Two number cubes are rolled—one red and one black. Explain why the events
“the red cube shows a 6” and “the sum is greater than or equal to 10” are dependent,
and find the probability.
The events "the red cube shows a 6" and "the sum is greater than or equal to 10" are dependent because the outcome of the red cube showing a 6 affects the outcome of the sum being greater than or equal to 10.
To find the probability, we need to first determine the sample space, which is all possible outcomes when rolling two number cubes. Each cube has 6 possible outcomes (numbers 1 to 6), so the total number of outcomes is 6*6 = 36.
To calculate the probability of the first event, the red cube showing a 6, we consider that there is only one outcome out of the 36 possible outcomes where the red cube shows a 6.
Next, we calculate the probability of the second event, the sum being greater than or equal to 10. We need to determine the number of favorable outcomes where the sum is greater than or equal to 10. These outcomes are (4, 6), (5, 6), (6, 4), (6, 5), and (6, 6), which amounts to 5 outcomes out of the 36.
Therefore, the probability of the red cube showing a 6 and the sum being greater than or equal to 10 is 1/36 * 5/36 = 5/1296.
The events "the red cube shows a 6" and "the sum is greater than or equal to 10" are dependent because they are influenced by each other's outcome. In order for the sum of the two numbers to be greater than or equal to 10, the red cube must show a 6. If the red cube shows any number less than 6, it is not possible for the sum to be 10 or greater.

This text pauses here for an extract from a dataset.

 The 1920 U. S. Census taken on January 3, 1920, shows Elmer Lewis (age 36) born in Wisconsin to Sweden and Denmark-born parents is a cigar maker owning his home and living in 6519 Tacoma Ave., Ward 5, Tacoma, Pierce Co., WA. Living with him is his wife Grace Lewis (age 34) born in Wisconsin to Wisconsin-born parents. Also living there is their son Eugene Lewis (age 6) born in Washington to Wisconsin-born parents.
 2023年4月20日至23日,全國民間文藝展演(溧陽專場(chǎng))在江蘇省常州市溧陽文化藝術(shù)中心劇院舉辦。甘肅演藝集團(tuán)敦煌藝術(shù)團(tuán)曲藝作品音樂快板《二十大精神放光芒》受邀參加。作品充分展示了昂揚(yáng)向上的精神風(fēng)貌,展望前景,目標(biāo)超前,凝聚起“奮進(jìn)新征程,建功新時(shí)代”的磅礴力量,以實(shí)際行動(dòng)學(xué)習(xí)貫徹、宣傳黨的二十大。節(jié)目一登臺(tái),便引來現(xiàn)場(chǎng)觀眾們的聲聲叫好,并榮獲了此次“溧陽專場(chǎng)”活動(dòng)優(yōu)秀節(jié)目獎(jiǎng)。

To find the probability, let's first determine the number of favorable outcomes and the total number of possible outcomes.
The red cube has 6 possible outcomes (numbers 1 to 6), and since we're interested in the event that it shows a 6, there is only 1 favorable outcome.

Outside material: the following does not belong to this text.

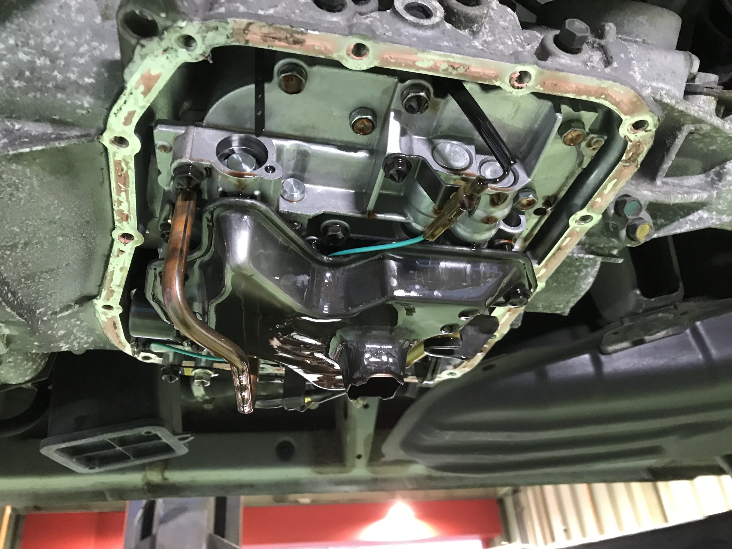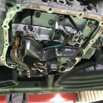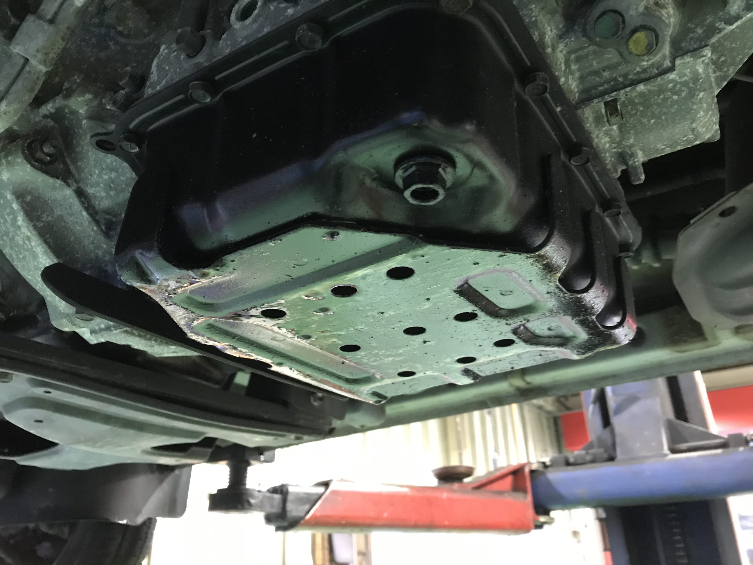 先日、車の下回りをぶつけたから見てほしいと言うお客様がご来店されました。リフトに上げて確認してみるとATのオイルパンをぶつけた様でATオイルの漏れを確認出来ました。このままでは非常にまずいのでオイルパンを交換します。

The black cube also has 6 possible outcomes (numbers 1 to 6), and for the sum to be greater than or equal to 10, the black cube must show either a 4, 5, or 6. Thus, there are 3 favorable outcomes.
To calculate the probability, we divide the number of favorable outcomes by the total number of possible outcomes. In this case, the probability is calculated as:
Probability = (Number of favorable outcomes) / (Total number of possible outcomes)
= 1 / 6 * 3 / 6
= 1/36
Therefore, the probability that the red cube shows a 6 and the sum is greater than or equal to 10 is 1/36.